- _What the task asks_: What is wanted is every line below from the one with "Escultura orante del Conde de Rebolledo" up to and including the one with "A gekkó az álcázás nagymestere", retyped exactly, pictures excluded, nothing else.

[Stored data entries]
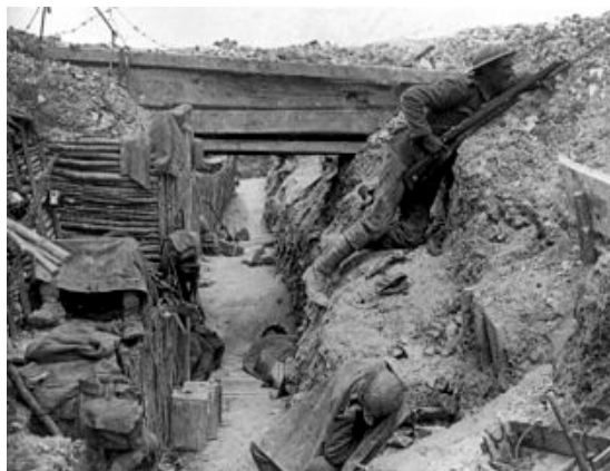
Bitva na Sommě
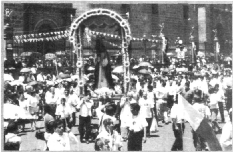
LA PROCESIÓN DE CRISTO NAZARENO ESTE AÑO CUPLIRÁ DIEZ AÑOS DE CONMEMORARSE EN ESTA ANGELÓPOLIS

piedad y costumbres cristianas, de ahí que sus habitantes se preocuparan porque la Semana Santa fuera distinta a las otras, motivando a los fieles a actuar, ya fuera en los actos previamente establecidos o pasivos, contemplando, orando y conmoviéndose, que al fin y al cabo era el fin de las procesiones
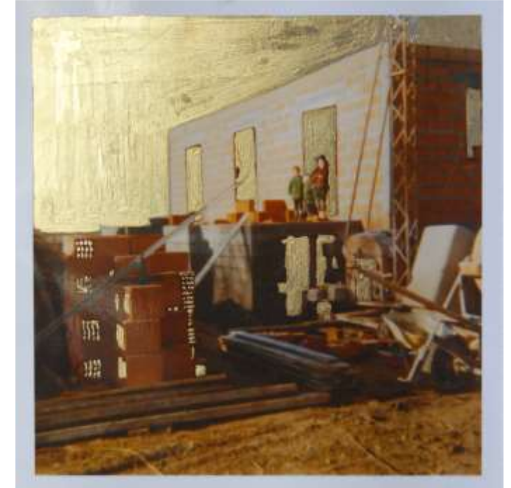
Les égarés, Une sacralisation de l'ordinaire détail photographie dorée à la feuille de cuivre 9x9 cm, 2018
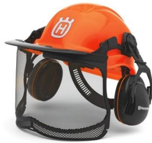
Sl.9. Zaštitna šumarska kaciga[9]

vrijeme hladnoće pri radu na otvorenom prostoru. Na kapi se nalazi podešavajući remen za pričvršćivanje.(Sl.9)
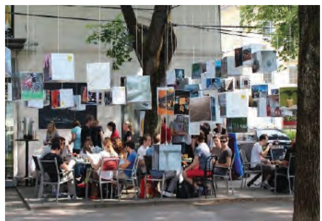
Bildwettbewerb „anders als geWohnt“
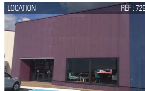
LOCATION RÉF : 729
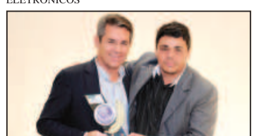
SERIGRAFIA E PLOTAGEM - ARTE COR COMUNICAÇÃO VISUAL
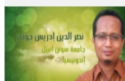
بالقرآن تعلم العربية (7)
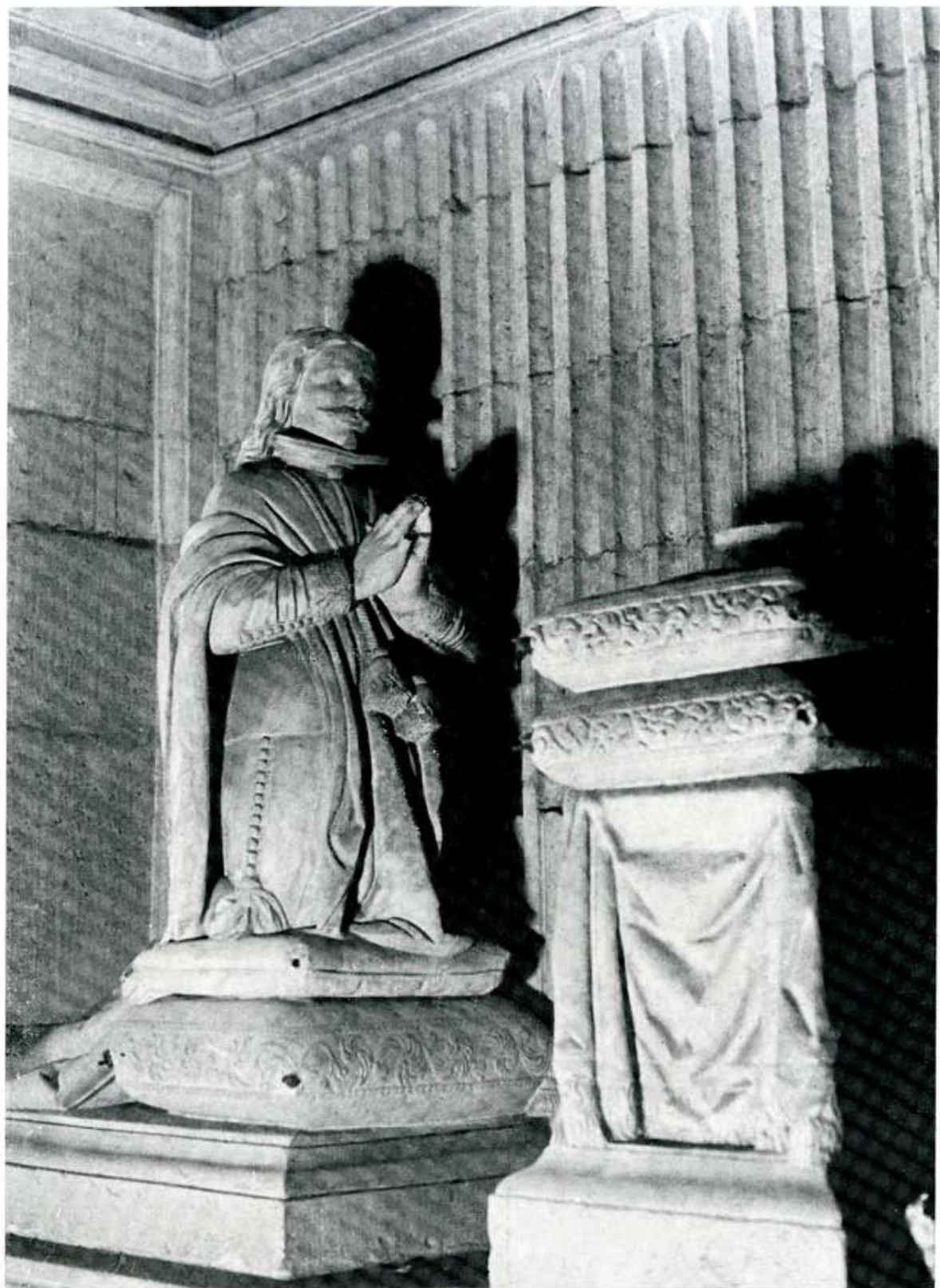
Escultura orante del Conde de Rebolledo
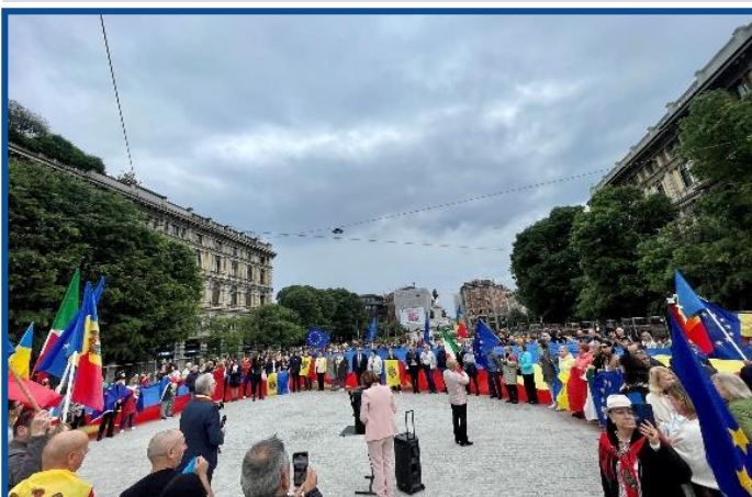
Adunarea „Moldova Europeană” – Milano
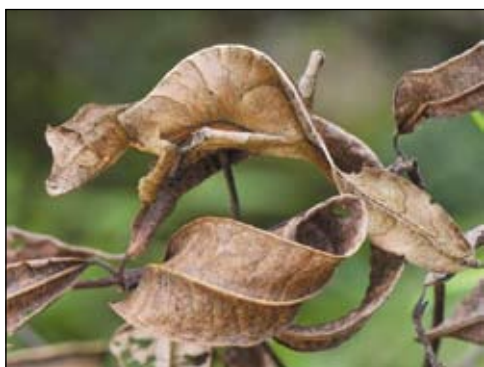
A gekkó az álcázás nagymestere

Az állatvilágban mindennaposak az életre-halálra menő küzdelmek: a ragadozók az éhhál ellen és nem ritkán más ragadozók ellen is küzdenek, míg mások elsősorban a rájuk leselkedő veszély ellen „öltenek” álsruhát. Ezt a túlélési stratégiát mimikrinek nevezzük: egyes állatok olyannyira hasonlítanak a környezetükre, hogy akár falevélnék vagy faágnak, kéregnek is tűnhetnek.
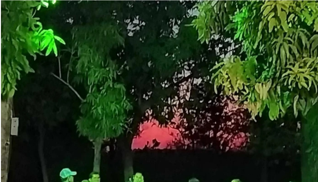
Lo de Jesus campo romero sinaloa campo romero lo de Jesus
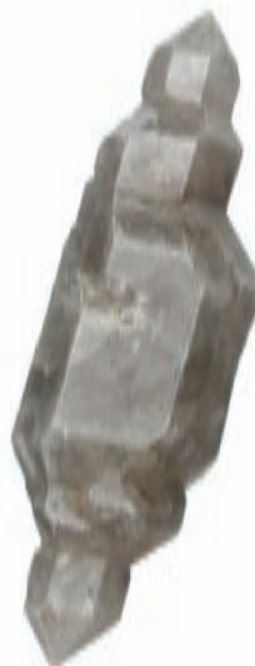
Kristal kremen s Slivnice; 49 x 13 mm. Najdba in zbirka Rafaela Šerjaka.

ŽORŽ, M., A. REČNIK, 1998: Kremen in njegovi pojavi na Slovenskem (morfologija kremenov iz okolice Cerknice, str. 51-52). Galerija Avsenik, Begunje.
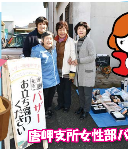
唐岬支所女性部バザー
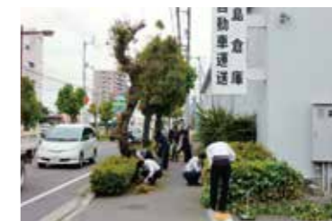
清掃活動の実施 定期的に（ゴールデンウィーク・お盆・年末など）道路清掃を行っています。
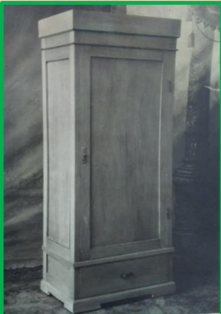
Шкаф для платья, хвойный с одной дверкой и одним наружным ящиком, неразборный, рамочной конструкции
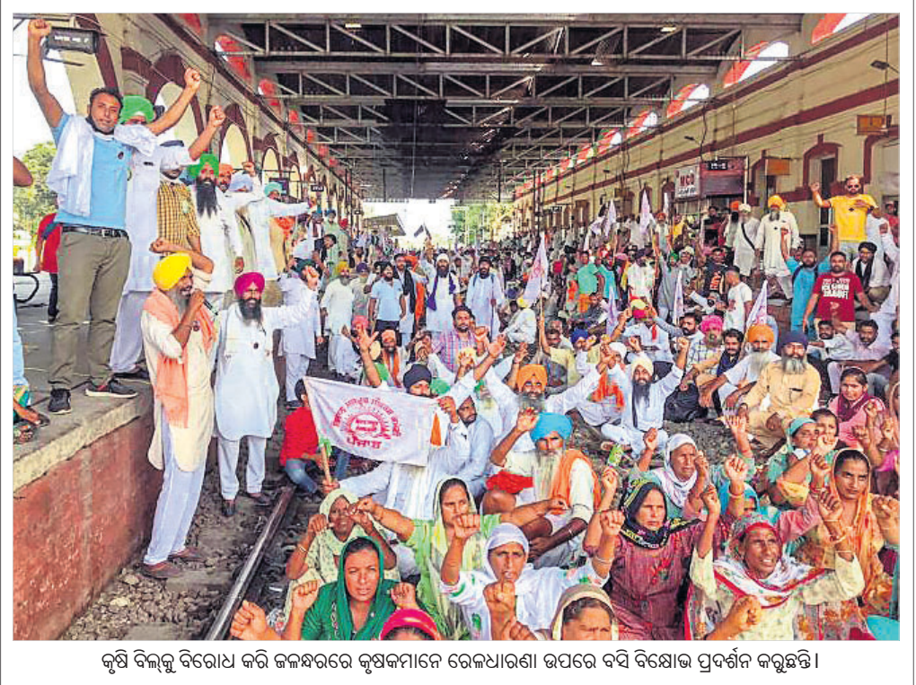
କୃଷି ବିକଳକୁ ବିରୋଧ କରି ଜଳସନ୍ଦେହ କୃଷକମାନେ ରେଳଧାରଣା ଉପରେ ବସି ବିରୋଧ ପ୍ରଦର୍ଶନ କରୁଛନ୍ତି ।

- _Task response_:
Escultura orante del Conde de Rebolledo
Adunarea „Moldova Europeană” – Milano
A gekkó az álcázás nagymestere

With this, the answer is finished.